Все на Западном фронте были встревожены бомбардировками Москвы. Каждый в душе опасался за сохранность и благополучие дорогих с детства памятников истории, архитектуры, культуры, а прежде всего за нашу святыню – Кремль.

Ну а москвич, естественно, страшился еще и за свою родную крышу. Каково ему на фронте ежевечерне, еженощно всматриваться в слепое черное небо, прислушиваться к гулу "юнкерсов" и "хейнкелей", несущих смертоносный взрывчатый град, чтобы обрушить его на спавшую или бессонную столицу! Натужное завывание сотен моторов, приглушенное высотой и толщей плотных облаков, заставляло сжиматься сердце.

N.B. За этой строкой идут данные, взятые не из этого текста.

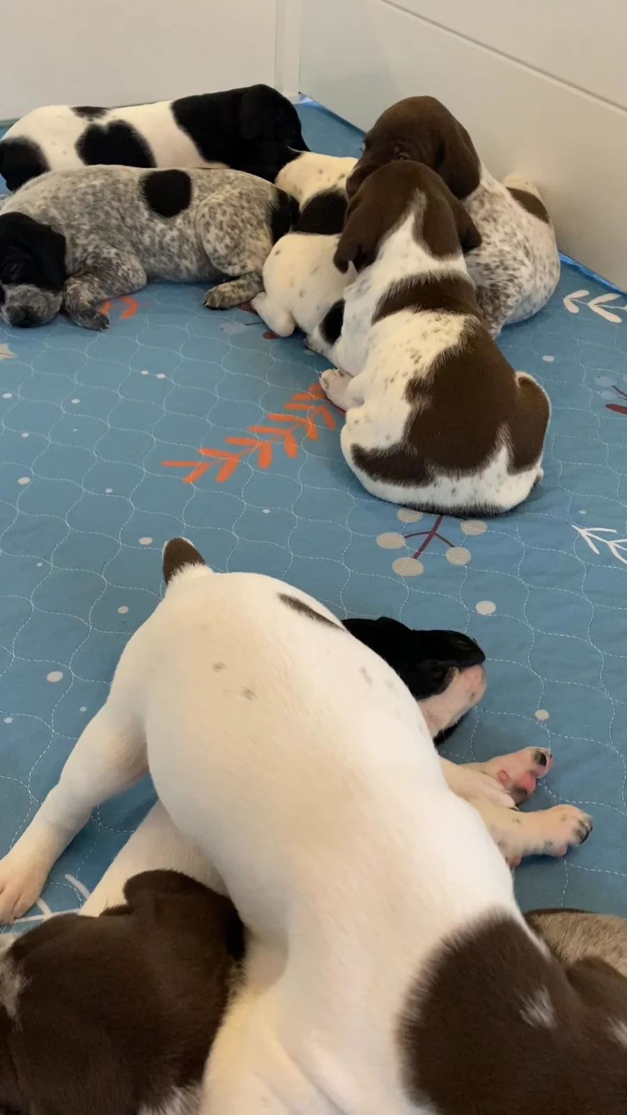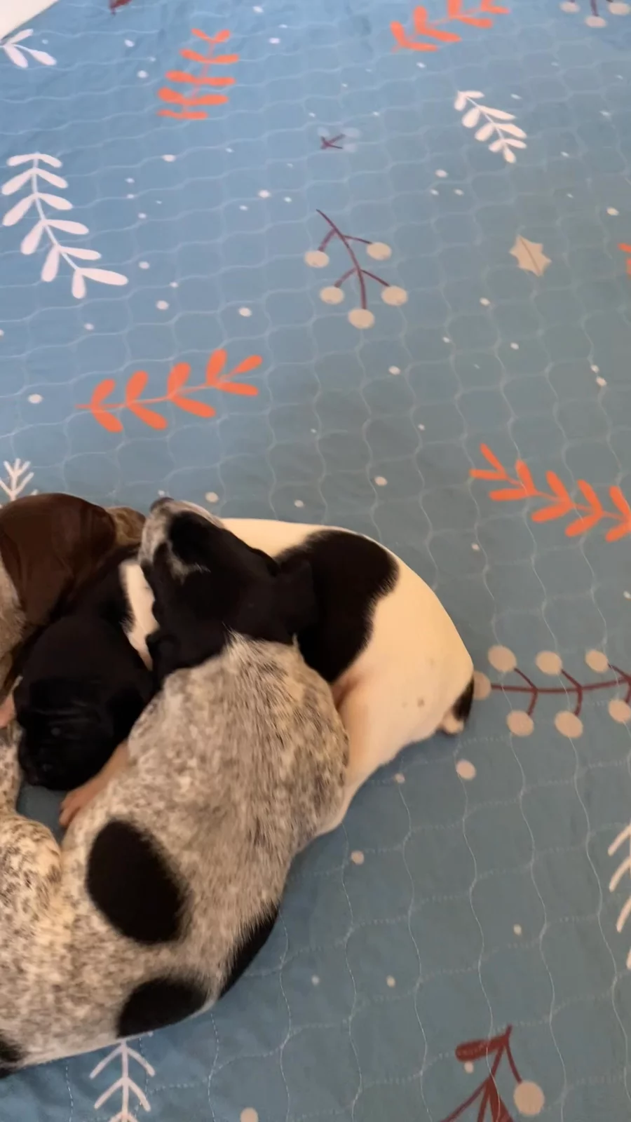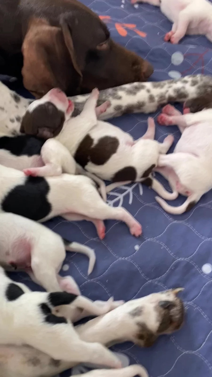 One week old today. The little dumplings are getting their spots & chubby tummies. Just eating, sleeping, & snuggling. 🐾

И как радостно было транзитному москвичу, пассажиру полуторки, убедиться, что город если и не цел-целехонек, но нанести ему сколько-нибудь серьезного урона налетчики не смогли; листовки фашистские, сброшенные на позиции, лгут, что "город превращен в развалины…"

Из конца в конец проехали улицу Горького. По левой стороне мостовой шли дорожные работы.

За Белорусским вокзалом на Ленинградском шоссе дорожная заминка, регулировщик запрещающе взмахивает флажком. Пятитонка держит путь, по-видимому, к Центральному аэродрому. Пешеходы и водители встречных машин проявляют к пятитонке повышенный интерес. Вслед несутся озорные напутствия, веселые возгласы.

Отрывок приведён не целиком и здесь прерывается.